TO DO.
Copy out exactly the stretch below, from the line with "Cette immersion dans" through the line with "위와 같이 테스트 코드를 작성하여, JUnit 문법으로 로그가 남는지 확인한다.", both included; the pictures stay out.

AVAILABLE RECORDS.
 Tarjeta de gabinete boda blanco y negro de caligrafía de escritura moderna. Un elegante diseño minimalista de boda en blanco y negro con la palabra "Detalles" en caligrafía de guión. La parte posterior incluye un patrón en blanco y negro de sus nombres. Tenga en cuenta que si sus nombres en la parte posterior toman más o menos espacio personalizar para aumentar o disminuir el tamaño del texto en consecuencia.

...

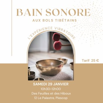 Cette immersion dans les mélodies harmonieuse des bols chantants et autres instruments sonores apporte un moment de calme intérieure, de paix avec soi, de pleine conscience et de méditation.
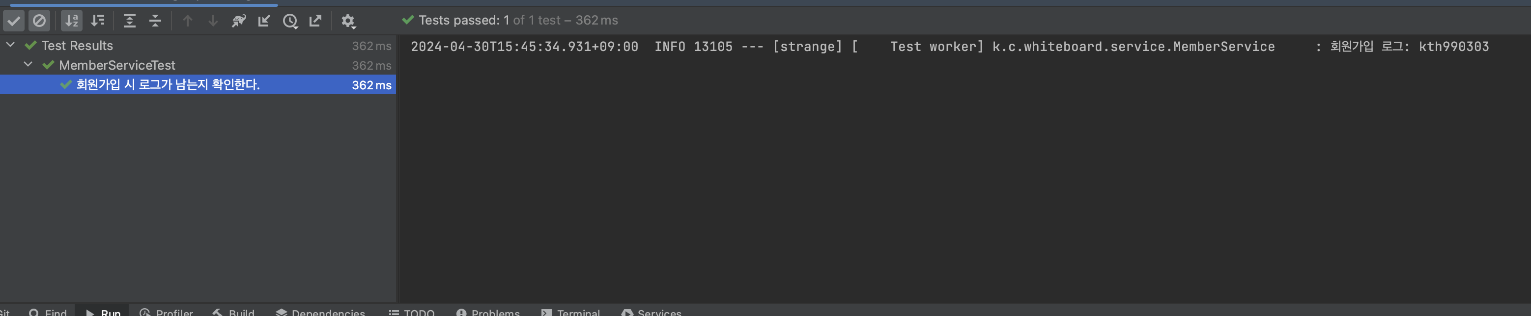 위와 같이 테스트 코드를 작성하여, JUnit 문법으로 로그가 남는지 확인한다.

==

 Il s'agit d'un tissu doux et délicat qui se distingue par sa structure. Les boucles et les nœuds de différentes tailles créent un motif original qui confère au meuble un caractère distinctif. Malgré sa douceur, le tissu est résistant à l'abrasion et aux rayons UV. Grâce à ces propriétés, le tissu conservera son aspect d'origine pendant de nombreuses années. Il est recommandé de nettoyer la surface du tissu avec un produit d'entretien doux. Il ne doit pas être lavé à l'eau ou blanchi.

RESULT.
 Cette immersion dans les mélodies harmonieuse des bols chantants et autres instruments sonores apporte un moment de calme intérieure, de paix avec soi, de pleine conscience et de méditation.
 위와 같이 테스트 코드를 작성하여, JUnit 문법으로 로그가 남는지 확인한다.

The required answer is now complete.